Khusus untuk belanja penanganan Covid-19 di Sulsel, realisasi meliputi pembayaran insentif tenaga medis se-Sulsel senilai Rp 20,6 miliar untuk 4.731 tenaga kesehatan serta realisasi belanja penanganan Covid-19 lainnya sebesar Rp 1,58 miliar.
Di sektor perlindungan sosial, telah terealisasi pembayaran Program Keluarga Harapan (PKH) se-Sulsel sebesar Rp 948,42 miliar untuk 2,18 juta keluarga. Selain itu, penyaluran bantuan bahan pokok untuk 4,35 juta keluarga sebesar Rp 829,28 miliar, penyaluran bantuan sosial tunai untuk 371.403 keluarga senilai Rp 222,84 miliar, serta penyaluran bantuan langsung tunai dana desa sebesar Rp 865,6 miliar untuk 259.419 keluarga.
Terkait percepatan pembangunan sektor ekonomi, Nurdin Abdullah mengatakan, menjaga dan mematuhi protokol kesehatan secara ketat adalah kata kunci. Mengacu Instruksi Presiden Nomor 6 Tahun 2020, Nurdin telah meneken peraturan gubernur (pergub) yang mengatur berbagai hal terkait penanganan pandemi dan kepatuhan pada protokol kesehatan.
Pergub ini akan dijabarkan lagi dengan peraturan wali kota dan peraturan bupati.
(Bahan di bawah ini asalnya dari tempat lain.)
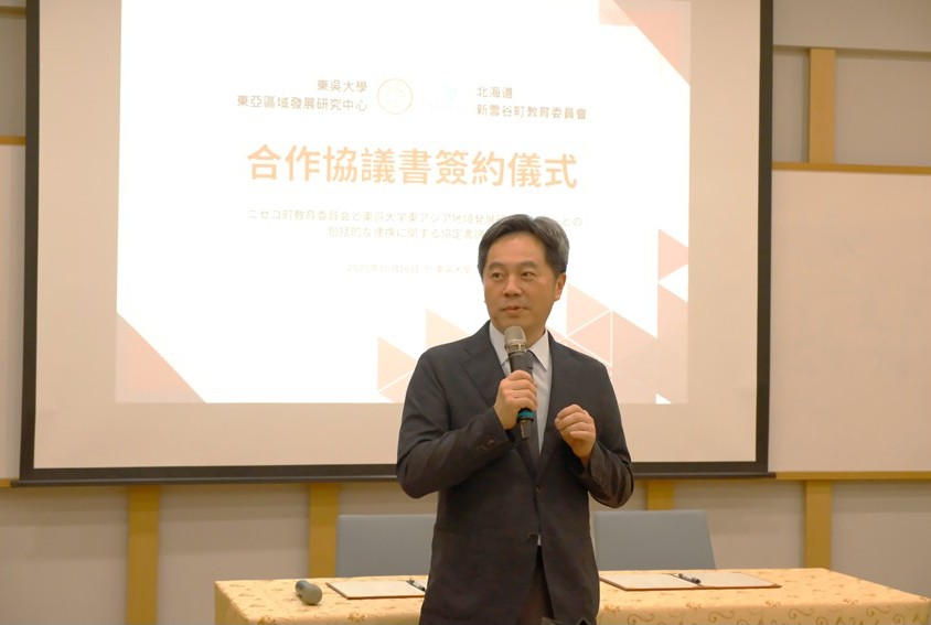 本校東亞區域發展研究中心(簡稱本中心)深耕大學社會責任(USR)與地方創生議題,於114年10月16日下午迎接日本北海道新雪谷町(ニセコ町,Niseko)教育委員會與新雪谷高中代表團蒞臨本校,並由本中心與日方正式簽署合作協定書。此舉不僅象徵臺日雙方在教育與地方創生合作邁入新里程,更是本中心連結國際資源、推動跨文化教育的重要成果。

Nantinya, aturan-aturan dan sanksi yang dibuat akan berbeda setiap daerah, tergantung kondisi dan kearifan lokal masing-masing.
”Intinya, kami membebaskan kegiatan ekonomi berjalan, tetapi dengan komitmen bersama untuk menjaga dan menerapkan protokol kesehatan. Kita lihat nanti perkembangannya pada triwulan ketiga dan keempat. Saya cukup optimistis,” ujar Nurdin.
Begitu pun terkait pembelajaran tatap muka, Nurdin menyebutkan, tak lagi akan mengatur, tetapi sebaliknya menunggu usulan sekolah. ”Jika mereka bisa memastikan akan menjaga protokol kesehatan, pihak sekolah bisa bermohon kemudian dinas pendidikan akan mengecek serta mengevaluasi. Saya berharap, perlahan semua bisa kembali bergerak, tetapi tetap dalam tatanan baru,” katanya.